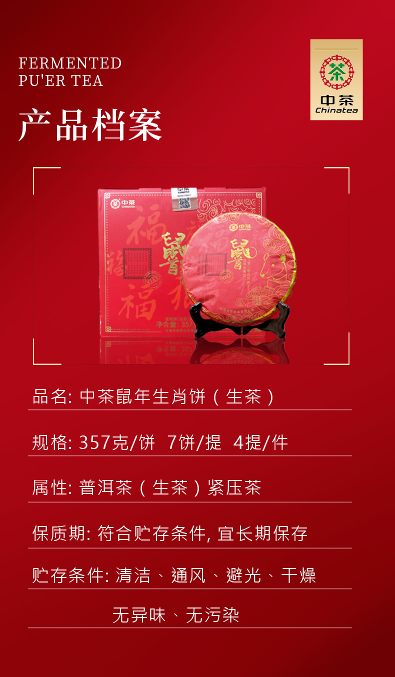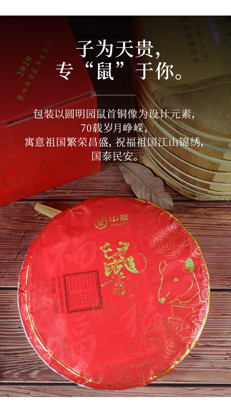 中粮-中茶2020年农历庚子鼠年(生茶)云南勐海七子饼茶357克/干仓直发
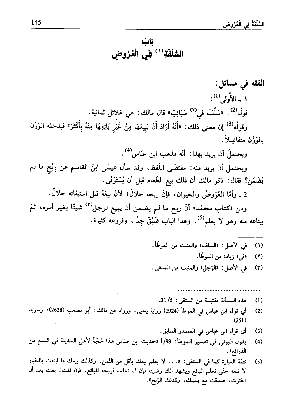 (¬4) يقول البوني في تفسير الموطَّأ: 98/ أ "حديث ابن عبّاس هذا حُجَّةٌ لأهل المدينة في المنع من الذَّرائع".
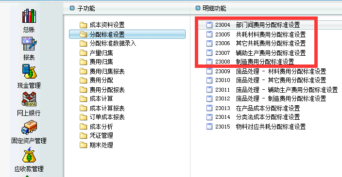 解决方法:实际成本应用中,先要进行费用标准的分配设置,然后再进行产量录入,费用录入收集,费用分配和成本计算,在启用成本核算的时候,就要设置好分配标准。
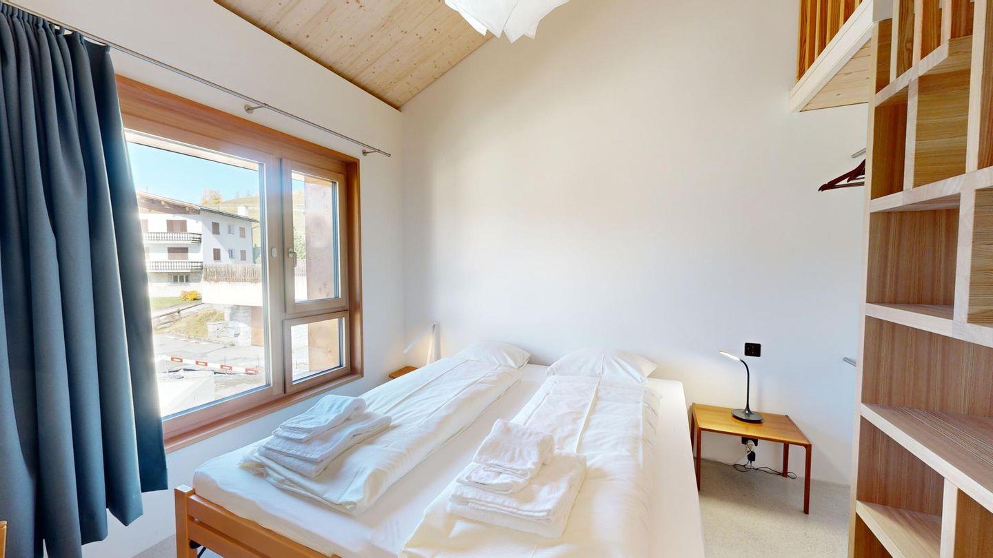 Die Ferienwohnung verfügt über ein grosszügiges Wohn-Esszimmer mit einem gemütlichen Schwedenofen und direkten Zugang zu einem überdachten Balkon, der dazu einlädt, die frische Bergluft und die spektakuläre Aussicht zu geniessen. Zwei komfortable Schlafzimmer, eines davon mit einer charmanten Galerie, bieten Platz für bis zu sechs Personen. Die luxuriös ausgestatteten Badezimmer garantieren höchsten Komfort, und die voll ausgestattete Küche mit Blick auf den imposanten Julier Gipfel lässt keine Wünsche offen. Gegen Aufpreis können Sie den Spa-Bereich nutzen – für ein rundum entspanntes Urlaubserlebnis.
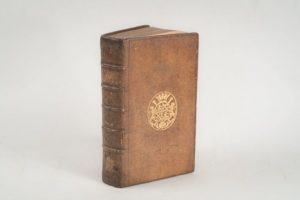 SMITH. William. Nouveau voyage de Guinée, contenant une description exacte des coûtumes, des manières, du terrain, du climat Paris. Durand, Pissot. 1751. 2 parties en 1 volume in-12, basane fauve marbrée, dos à nerfs orné de fleurons à froid, armes en pied, encadrement de simple filet à froid sur les plats, armes au centre. Coiffes et mors restaurés. Édition originale de la traduction française, illustrée de 5 planches zoologiques hors-texte. Aux armes de Gabriel-Jérôme de Bullion d'Esclimont, répértées sur le dos.
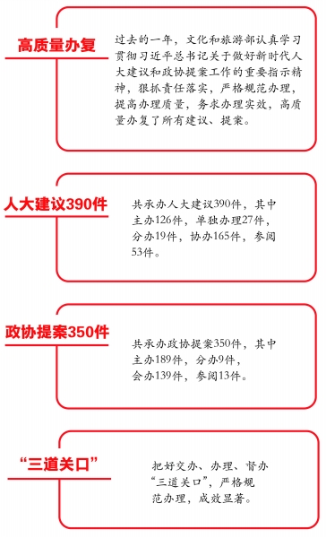 文化和旅游部还高质量办复了地方戏曲院团改革、加大对西部地区公共文化服务体系建设支持力度、规范艺术品交易秩序、降低重点国有景区门票价格、规范民宿管理、全国游学市场监管、推进粤港澳大湾区文旅融合发展等多项建议、提案。
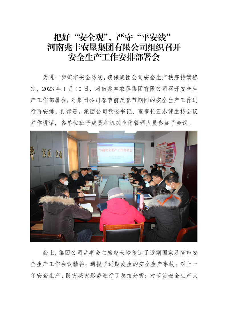 · 把好“安全觀”,嚴(yán)守“平安線” 河南兆豐農(nóng)墾集團(tuán)有限公司組織召開(kāi) 安全生產(chǎn)工作安排部署會(huì)
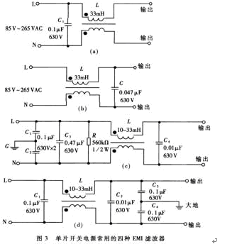 圖(a)與圖(b)中的電容器C能濾除串模干擾,區別僅是圖(a)將C接在輸入端, 圖(b)則接到輸出端。圖(c)、(d)所示電路較復雜,抑制干擾的效果更佳。圖(c)中的L、C1和C2用來濾除共模干擾,C3和C4濾除串模干擾。R為泄放電阻,可將C3上積累的電荷泄放掉,避免因電荷積累而影響濾波特性;斷電后還能使電源的進線端L、N不帶電,保證使用的安全性。圖(d)則是把共模干擾濾波電容C3和C4接在輸出端。
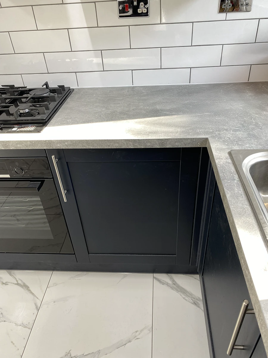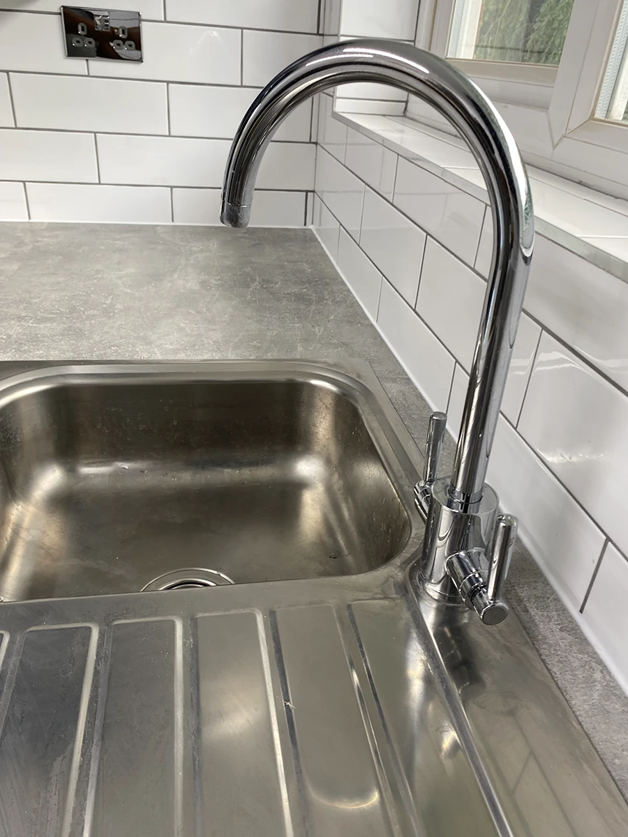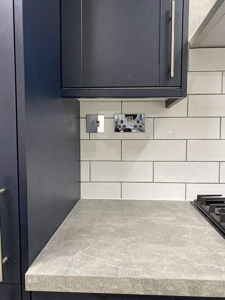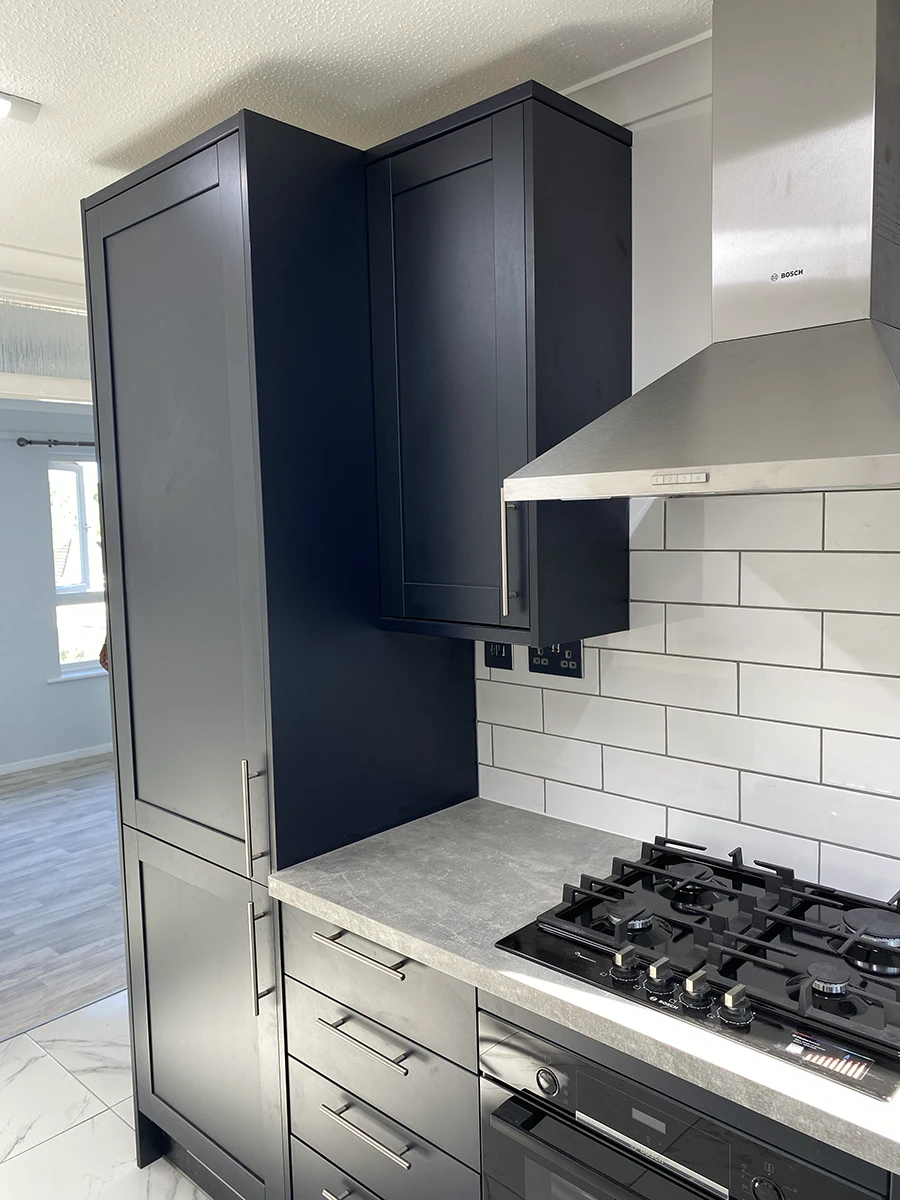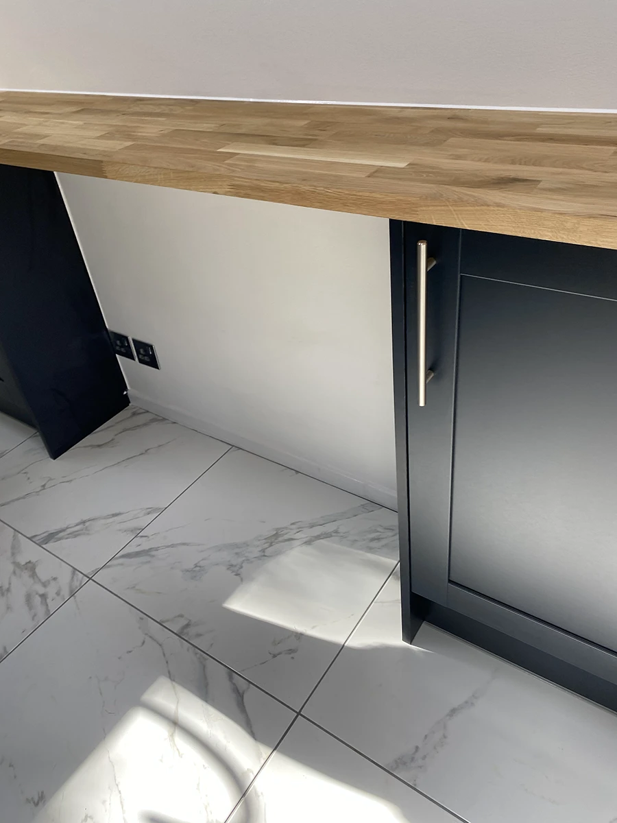 The kitchen had no existing gas supply, so a new pipe route had to be formed and chased in without compromising surrounding finishes. Electrical points were limited and needed increasing, with walls opened up and made good to a safe standard. Tiling also needed careful sequencing, as the splashback could only start once units and worktops were fully installed.
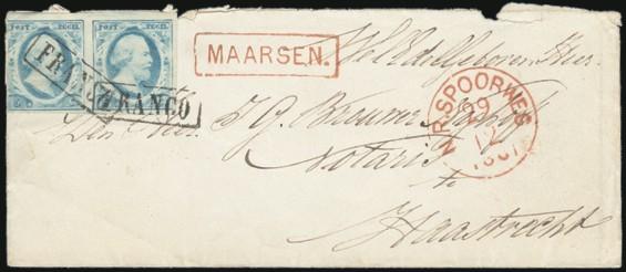 3571 1 image1 (Pair) light blue shade, Tied by boxed franco cancels on cover to Haastrecht. Has red boxed "MAARSSEN" h/s and N.R. SPOORWEG 29 1861 CDS; plus black s/l "MAARSSEN" b/s. F, roughly opened at top (Image) Estimate 175.00 $Cdn
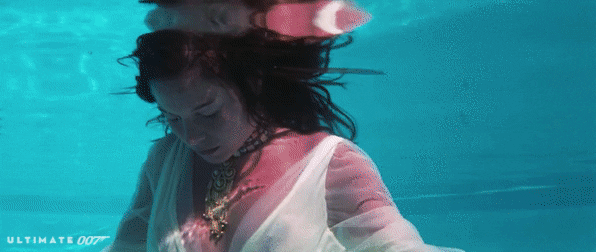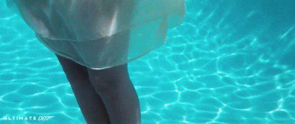 Even though they are 15 stories up, she is tossed out the window and into the hotel pool, wearing only panties and high heels…007 looks down and says “nice aim.”
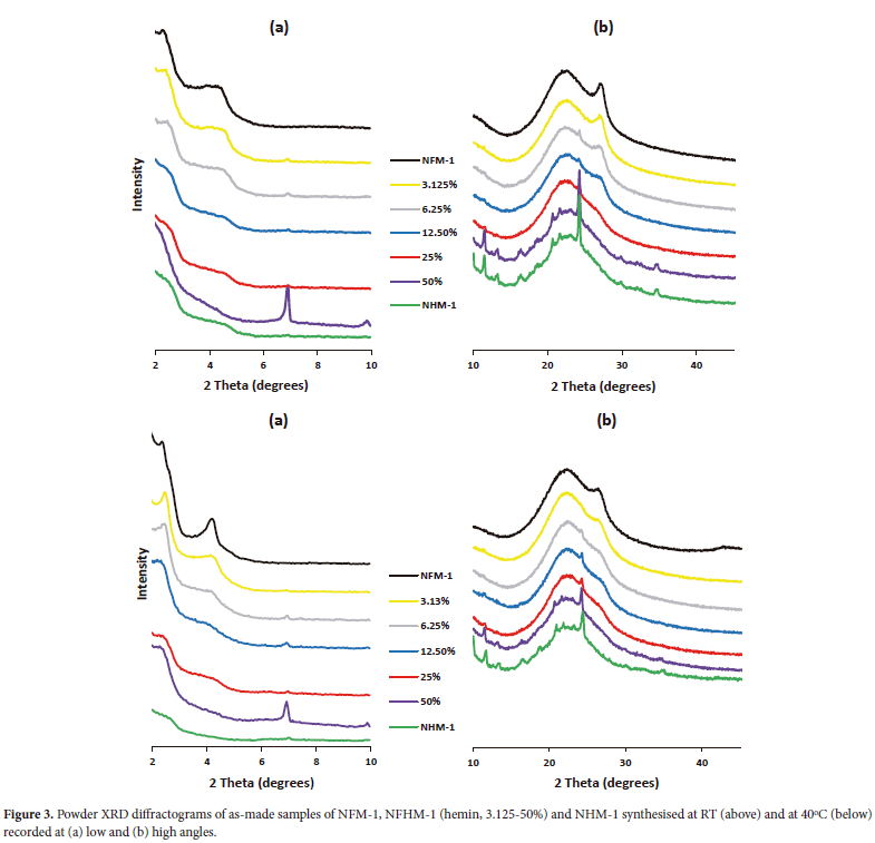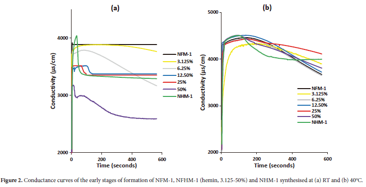 For NFM-1, a monotonic decrease in the conductivity curve was observed after maximum conductivity was reached, but a gradual decline in the conductivity was seen for the sample with 3.125% hemin, which became more rapid with the increase in concentrations of hemin. This noticeable decline in conductivity over time is as result of the consumption of charged species accompanied by condensation of hydrolysate species that give rise to silica/template mesophases. An obvious discontinuity can be seen between 38 and 130 s for syntheses with (6.25-100%) hemin, while that for the other systems appeared at a higher time range due to slower hydrolysis (Figure 2a). After the initial stage of synthesis, the samples were left unstirred to age for a day. As aging time significantly affects the properties of mesoporous silica, this allows for the continuation of the growth process over time until homogeneous or uniform particle sizes are attained.28 The maximum conductivity was higher for samples synthesised at 40 oC than that at RT, as is typical for electrolytes. These samples' discontinuity was observed at a higher timescale, which implies slower hydrolysis as compared with syntheses at RT, and expectedly condensation rate is faster (Figure 2b). It was observed that the rate of hydrolysis increases as the amount of hemin increases in the reaction mixtures. Hence, the sample with hemin on its own as a template displayed discontinuity at 258 s and the others appeared at a slightly higher time range.
====================
# Activity
With the pictures omitted, copy the entries above exactly from the line containing "The kitchen had" through the line containing "Even though they", both lines included.

# Result of the exercise
 The kitchen had no existing gas supply, so a new pipe route had to be formed and chased in without compromising surrounding finishes. Electrical points were limited and needed increasing, with walls opened up and made good to a safe standard. Tiling also needed careful sequencing, as the splashback could only start once units and worktops were fully installed.
 3571 1 image1 (Pair) light blue shade, Tied by boxed franco cancels on cover to Haastrecht. Has red boxed "MAARSSEN" h/s and N.R. SPOORWEG 29 1861 CDS; plus black s/l "MAARSSEN" b/s. F, roughly opened at top (Image) Estimate 175.00 $Cdn
 Even though they are 15 stories up, she is tossed out the window and into the hotel pool, wearing only panties and high heels…007 looks down and says “nice aim.”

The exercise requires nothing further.